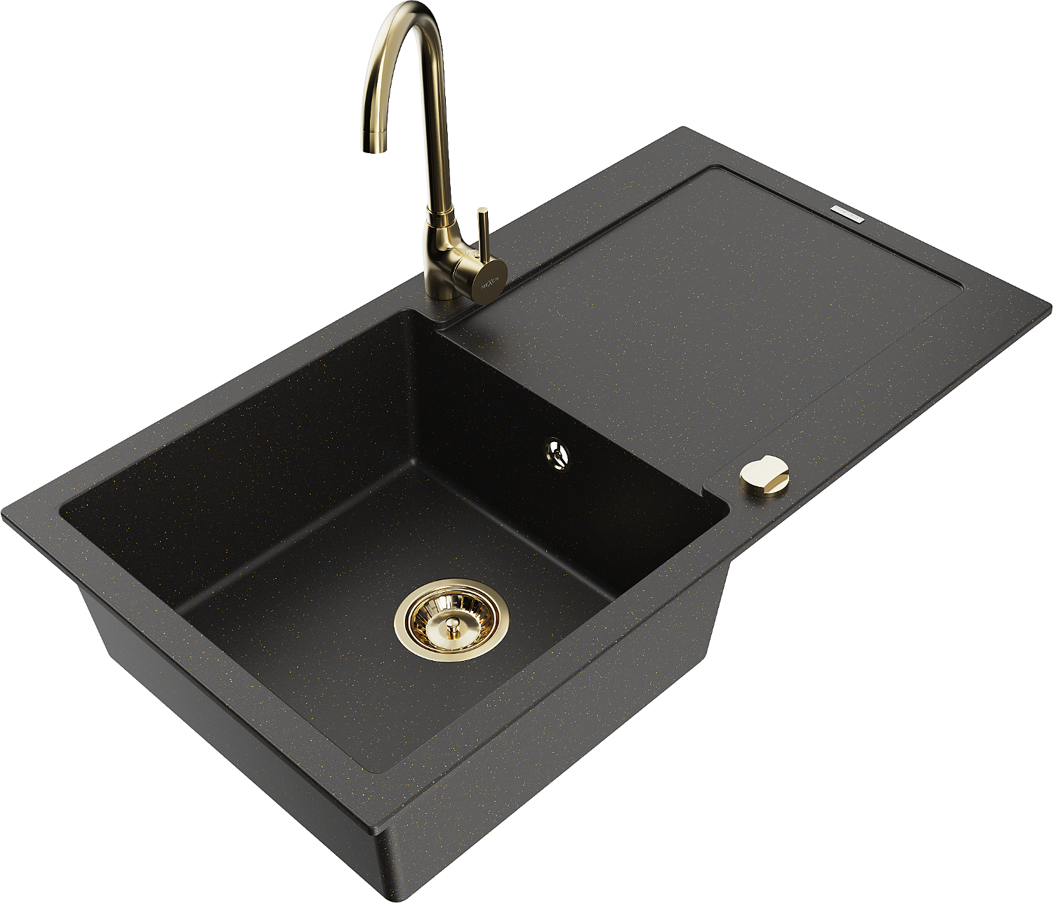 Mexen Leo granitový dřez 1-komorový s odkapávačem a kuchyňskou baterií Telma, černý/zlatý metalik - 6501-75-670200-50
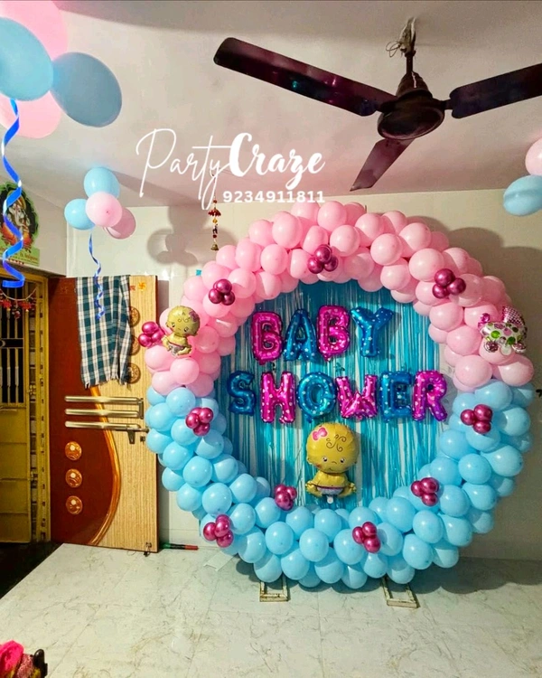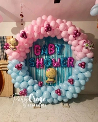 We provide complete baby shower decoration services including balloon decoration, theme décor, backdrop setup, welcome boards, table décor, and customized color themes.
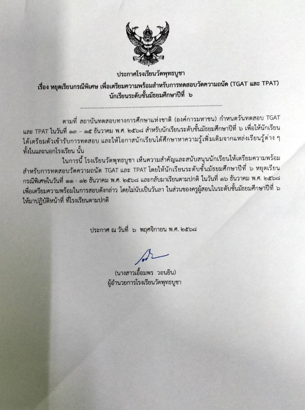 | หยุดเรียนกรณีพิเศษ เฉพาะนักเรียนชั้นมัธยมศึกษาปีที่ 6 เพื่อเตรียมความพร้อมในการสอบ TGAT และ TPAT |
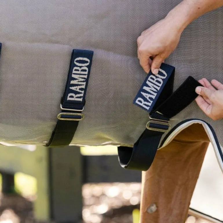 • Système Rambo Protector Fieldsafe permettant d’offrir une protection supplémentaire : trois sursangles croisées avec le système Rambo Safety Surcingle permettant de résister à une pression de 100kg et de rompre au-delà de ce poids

* * *

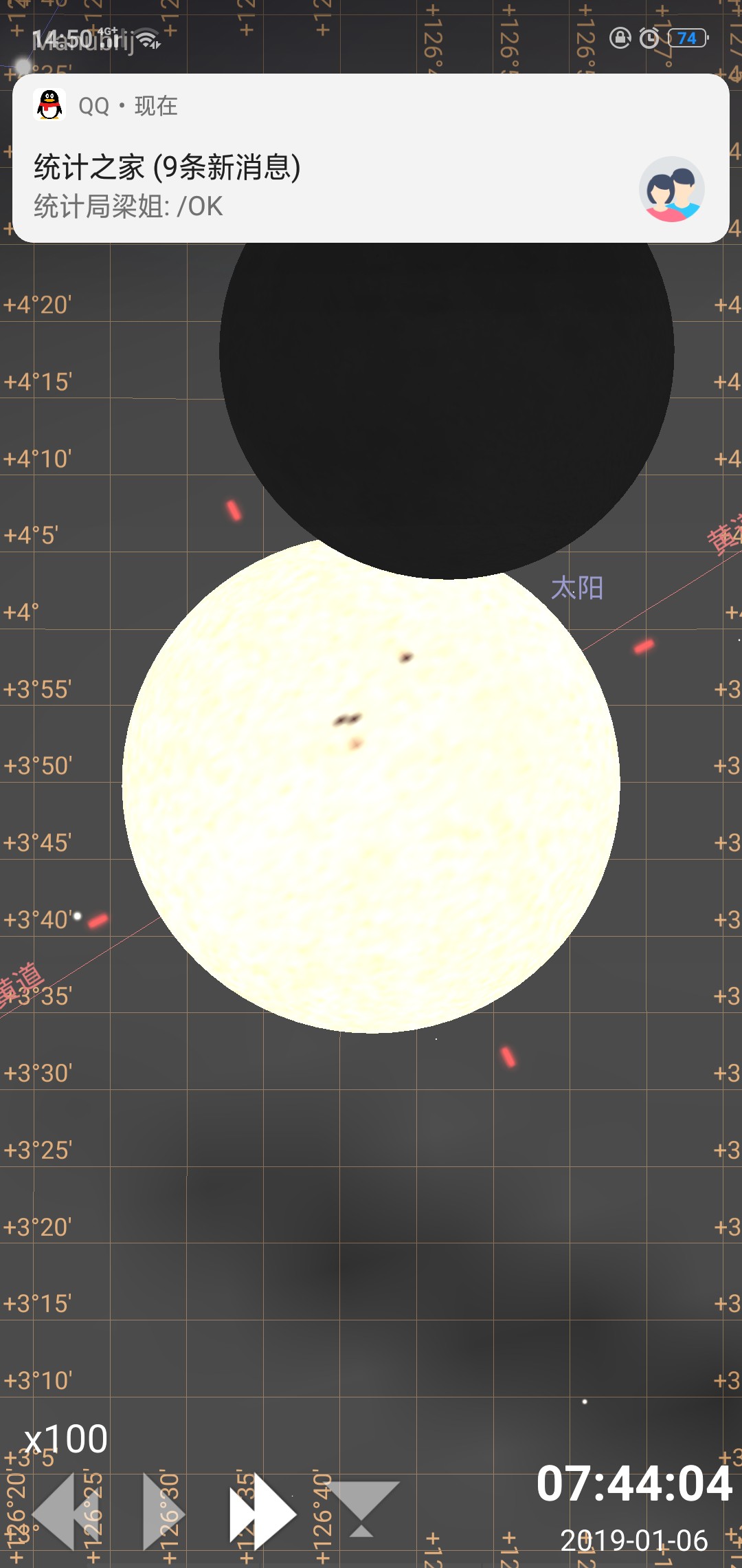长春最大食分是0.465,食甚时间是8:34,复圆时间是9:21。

» **ASSIGNMENT**:
Starting at the line above that contains "TGAT และ TPAT |", transcribe every line exactly through the line that contains "de ce poids", including that last one, and skip the pictures.

» **WRITTEN SOLUTION**:
 | หยุดเรียนกรณีพิเศษ เฉพาะนักเรียนชั้นมัธยมศึกษาปีที่ 6 เพื่อเตรียมความพร้อมในการสอบ TGAT และ TPAT |
 • Système Rambo Protector Fieldsafe permettant d’offrir une protection supplémentaire : trois sursangles croisées avec le système Rambo Safety Surcingle permettant de résister à une pression de 100kg et de rompre au-delà de ce poids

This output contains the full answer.